PROBLEM.
Once you reach the line with "兴化市人民医院 2022 年公开招聘高层次人才公告(全年)" in the material below, copy each line exactly up to and including the line with "据美联社报道,伊朗上周末在首", and skip the pictures.

STUDY MATERIAL.
----------
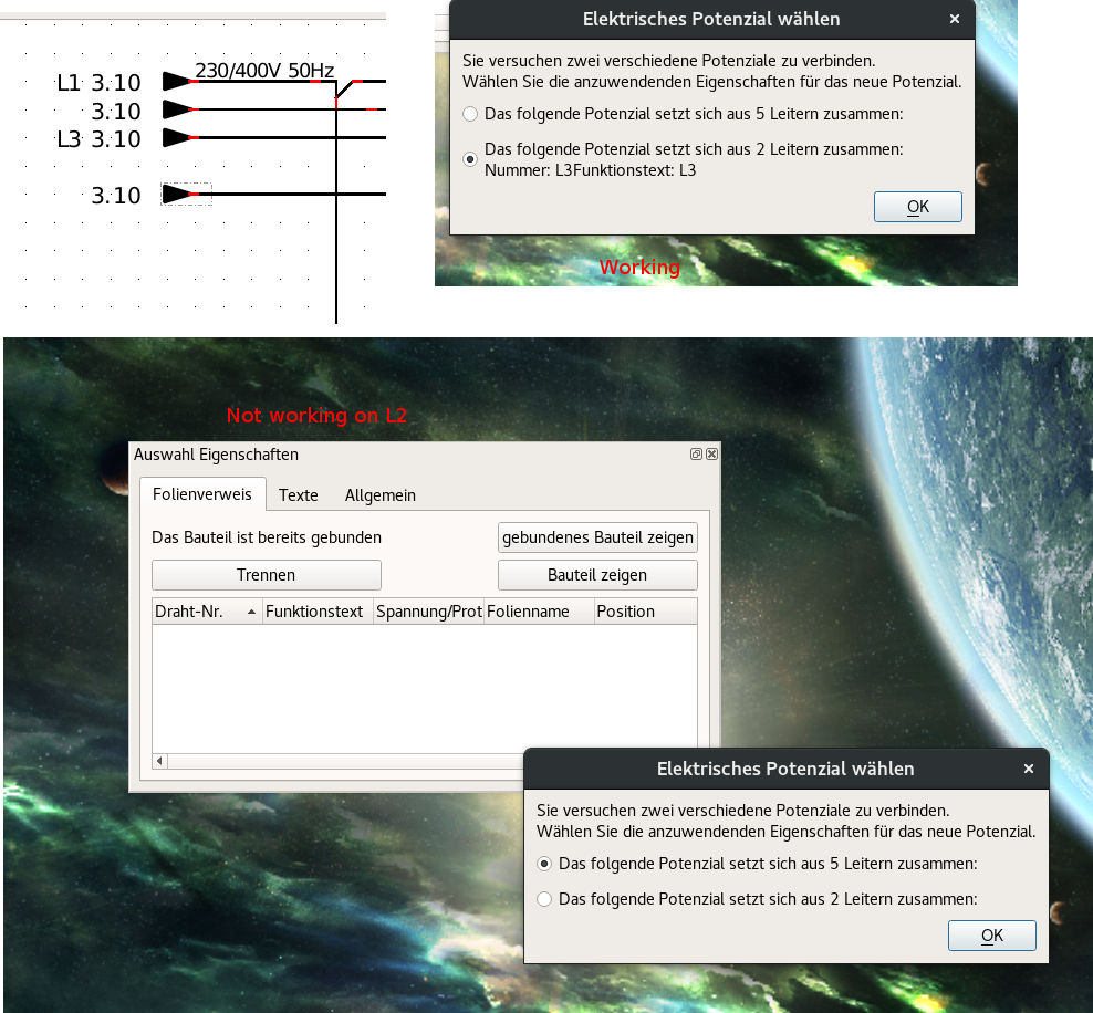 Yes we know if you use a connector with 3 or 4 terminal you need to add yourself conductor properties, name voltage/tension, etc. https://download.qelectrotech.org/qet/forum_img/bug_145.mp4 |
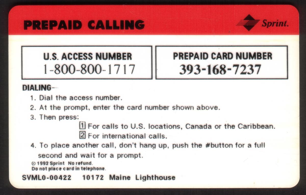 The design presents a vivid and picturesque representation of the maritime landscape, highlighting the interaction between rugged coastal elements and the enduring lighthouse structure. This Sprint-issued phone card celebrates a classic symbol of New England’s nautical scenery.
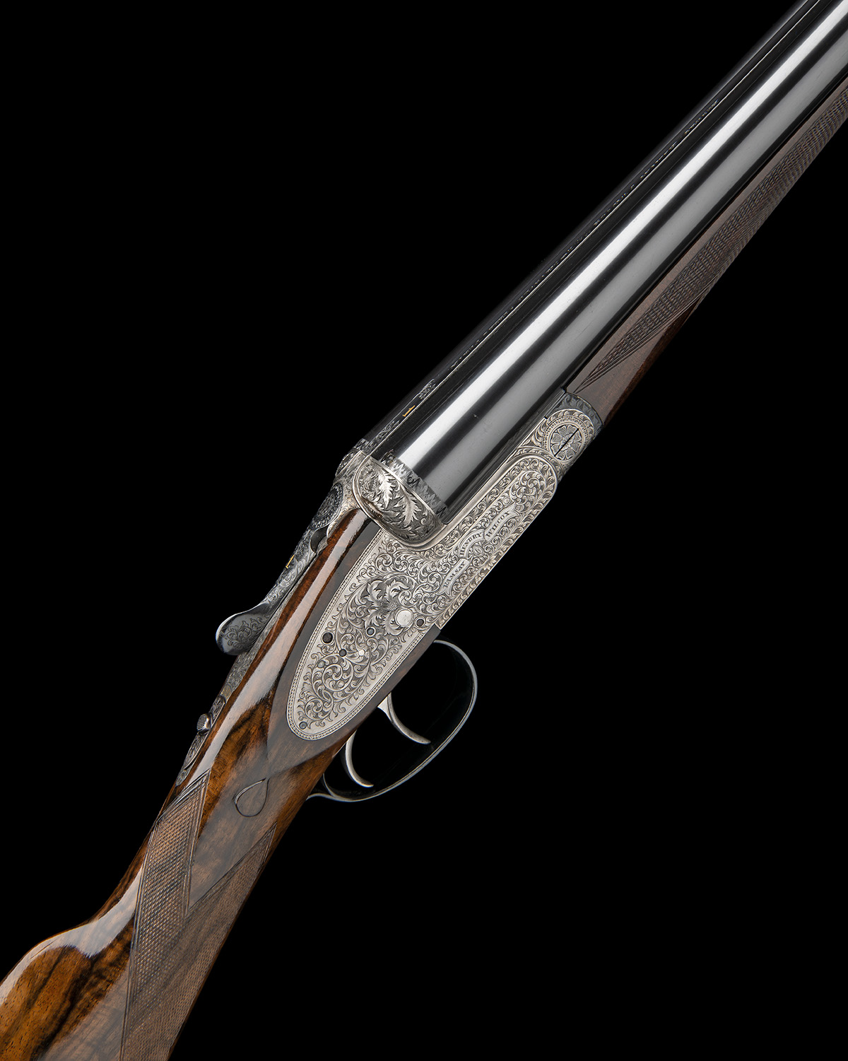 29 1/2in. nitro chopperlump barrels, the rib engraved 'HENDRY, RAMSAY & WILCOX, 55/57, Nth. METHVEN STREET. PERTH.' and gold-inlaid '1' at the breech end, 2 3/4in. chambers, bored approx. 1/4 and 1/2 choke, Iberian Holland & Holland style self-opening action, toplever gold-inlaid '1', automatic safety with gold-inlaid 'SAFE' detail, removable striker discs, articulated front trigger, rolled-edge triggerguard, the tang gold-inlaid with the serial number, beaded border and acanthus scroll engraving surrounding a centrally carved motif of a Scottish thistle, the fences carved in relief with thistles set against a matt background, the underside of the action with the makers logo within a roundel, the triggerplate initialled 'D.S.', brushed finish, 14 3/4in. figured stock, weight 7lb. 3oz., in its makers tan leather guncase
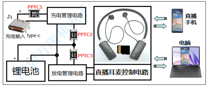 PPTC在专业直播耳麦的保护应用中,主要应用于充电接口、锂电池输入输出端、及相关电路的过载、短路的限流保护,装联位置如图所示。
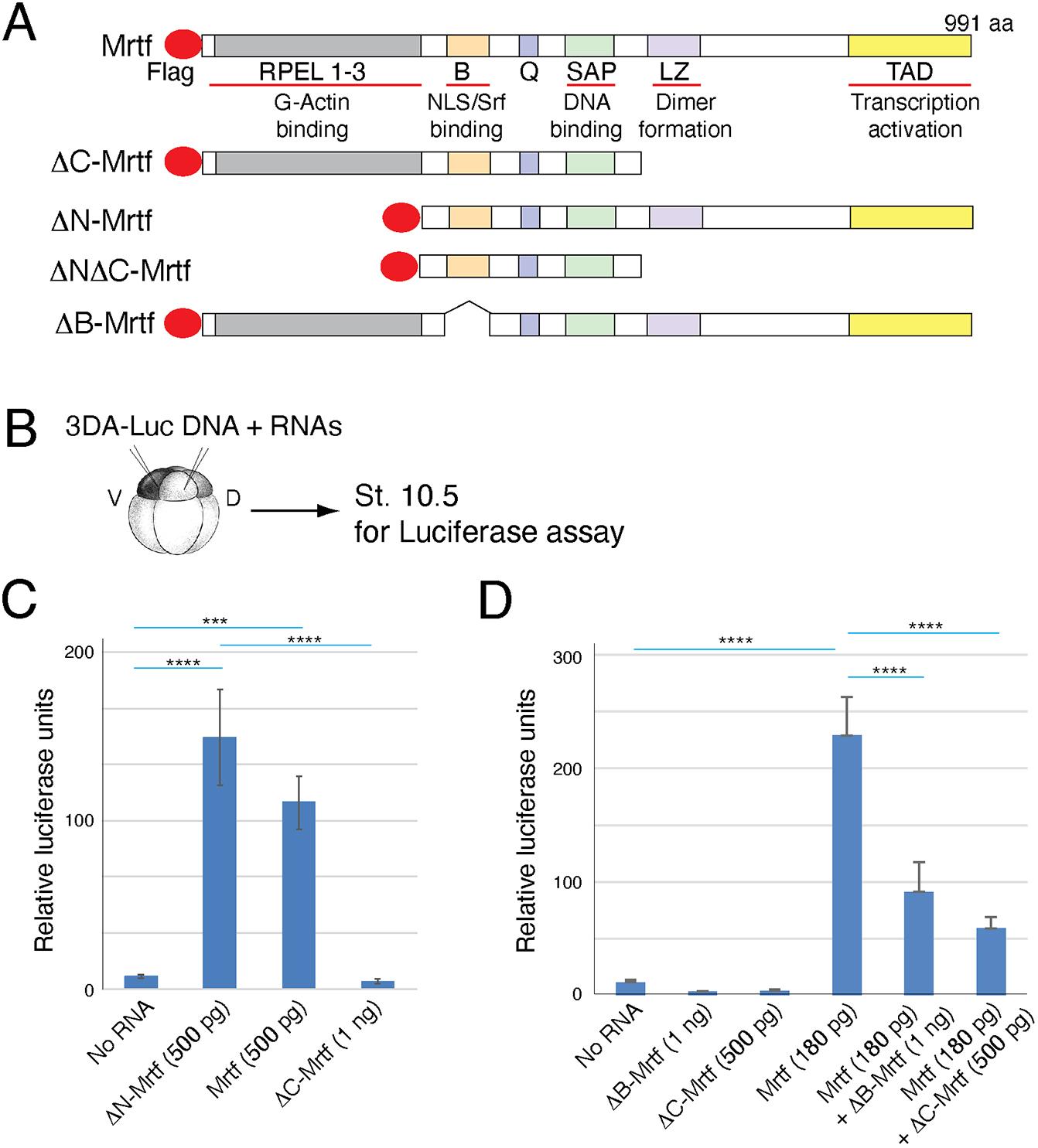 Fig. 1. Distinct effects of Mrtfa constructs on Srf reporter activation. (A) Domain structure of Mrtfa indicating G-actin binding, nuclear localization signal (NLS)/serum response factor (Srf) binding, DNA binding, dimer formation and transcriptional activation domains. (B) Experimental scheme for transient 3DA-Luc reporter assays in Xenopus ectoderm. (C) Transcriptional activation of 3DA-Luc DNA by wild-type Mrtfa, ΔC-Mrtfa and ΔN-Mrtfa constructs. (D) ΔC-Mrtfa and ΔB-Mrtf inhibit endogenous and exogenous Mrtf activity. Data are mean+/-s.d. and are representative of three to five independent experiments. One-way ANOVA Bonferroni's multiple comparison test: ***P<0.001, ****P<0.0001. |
----------
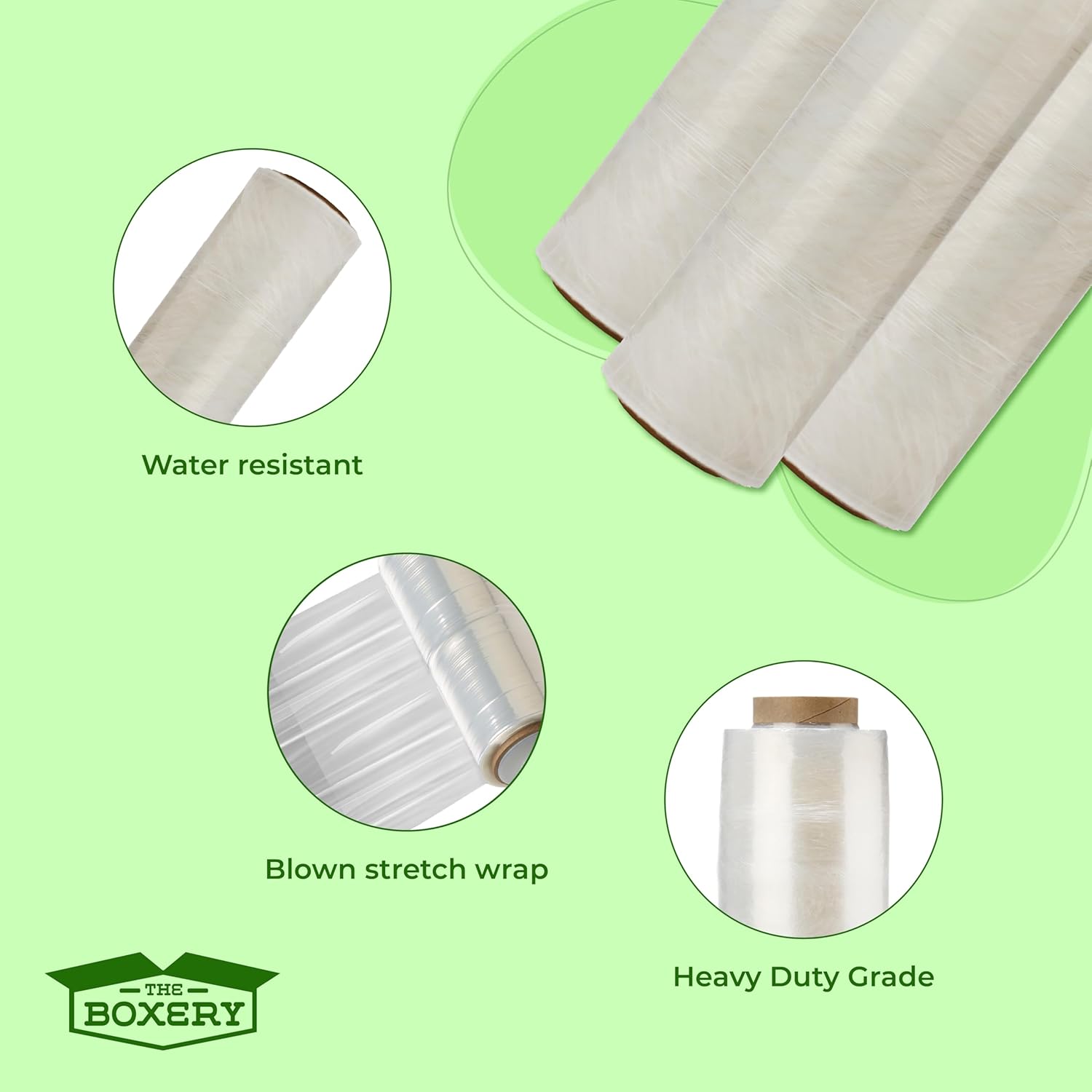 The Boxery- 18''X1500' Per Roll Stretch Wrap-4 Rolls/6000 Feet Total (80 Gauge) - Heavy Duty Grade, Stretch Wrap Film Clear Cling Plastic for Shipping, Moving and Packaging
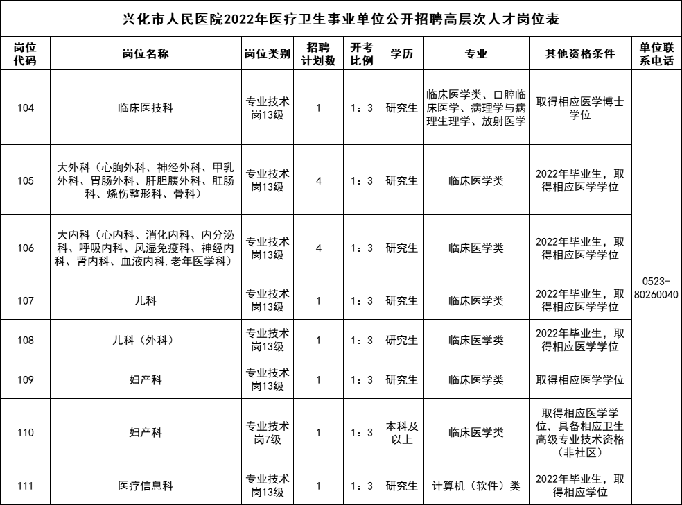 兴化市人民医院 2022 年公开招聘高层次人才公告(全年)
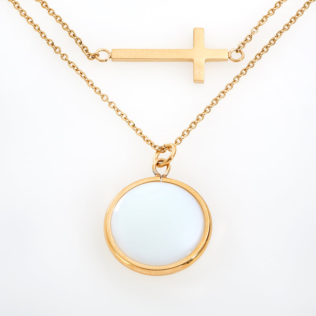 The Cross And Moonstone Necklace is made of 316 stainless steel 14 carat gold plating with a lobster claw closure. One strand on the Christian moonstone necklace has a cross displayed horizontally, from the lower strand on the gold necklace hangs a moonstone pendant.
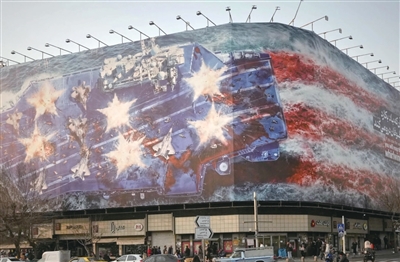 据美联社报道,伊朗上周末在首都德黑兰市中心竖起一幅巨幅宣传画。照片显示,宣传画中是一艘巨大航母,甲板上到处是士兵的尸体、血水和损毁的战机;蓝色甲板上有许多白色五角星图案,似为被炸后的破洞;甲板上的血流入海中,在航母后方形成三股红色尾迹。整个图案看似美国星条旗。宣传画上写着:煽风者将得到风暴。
----------
ANSWER BOX.
 兴化市人民医院 2022 年公开招聘高层次人才公告(全年)
 The Cross And Moonstone Necklace is made of 316 stainless steel 14 carat gold plating with a lobster claw closure. One strand on the Christian moonstone necklace has a cross displayed horizontally, from the lower strand on the gold necklace hangs a moonstone pendant.
 据美联社报道,伊朗上周末在首都德黑兰市中心竖起一幅巨幅宣传画。照片显示,宣传画中是一艘巨大航母,甲板上到处是士兵的尸体、血水和损毁的战机;蓝色甲板上有许多白色五角星图案,似为被炸后的破洞;甲板上的血流入海中,在航母后方形成三股红色尾迹。整个图案看似美国星条旗。宣传画上写着:煽风者将得到风暴。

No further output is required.